Декабристы на Севере - [11]
4 июня 1826 года Миницкий, Степанов и новый игумен Досифей осмотрели монастырские здания и наметили дома, которые можно было приспособить для содержания “именитых узников”. 26 июня губернатор направил в столицу отчет о результатах поездки на Соловки. Докладчик сообщил, что в двухэтажном здании бывшей иконописной палаты, приспособленном под тюрьму, в момент осмотра находилось 32 арестанта. Комиссия полагала, что если перестроить острог, на что потребуется до 4500 рублей, то в него можно втиснуть до 40 человек, то есть получить дополнительно восемь арестантских мест, но казематы первого этажа, в отличие от расположенных на втором, оставались бы двухместными, что шло вразрез с установками правительства, требовавшего подготовить для арестантов дворянского происхождения одиночные изоляторы.[43]

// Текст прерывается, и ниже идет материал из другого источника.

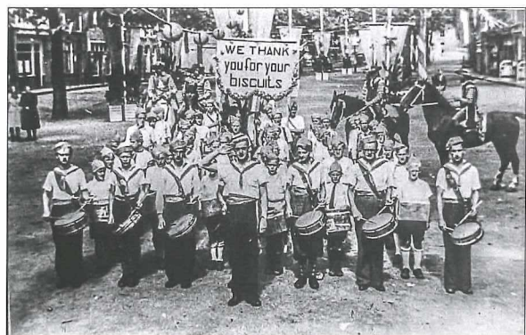
Afb.3: Bevrijdingsfeesten (mei 1945).

Поскольку приведенные подсчеты не могли обрадовать царя, намеревавшегося выслать на крайсветный остров значительно больше “государственных преступников”, чем способна была принять монастырская тюрьма, Миницкий начал поиск резервов увеличения числа узилищ. И нашел! Он внес два конкретных предложения. Во-первых, посчитал возможным перевести в монашеские кельи и “обратить в черные монастырские работы” 20 нынешних арестантов, наказанных за скопчество, старообрядчество и богохульство. Монастырь получил бы 20 даровых рабочих, а правительство столько же арестантских лежаков. Во-вторых, предложил использовать в случае наплыва арестантов, — а такая ситуация не исключалась — для их размещения два соседних с тюрьмой двухэтажных каменных здания (мастерские и цейхгауз), на перестройку которых и возведение кирпичной стены на каменном фундаменте, отделяющей тюремный двор от других монастырских построек, потребовалось бы по смете 15827 рублей 13 копеек. Это было недешево, но дало бы еще 62 койки.[44]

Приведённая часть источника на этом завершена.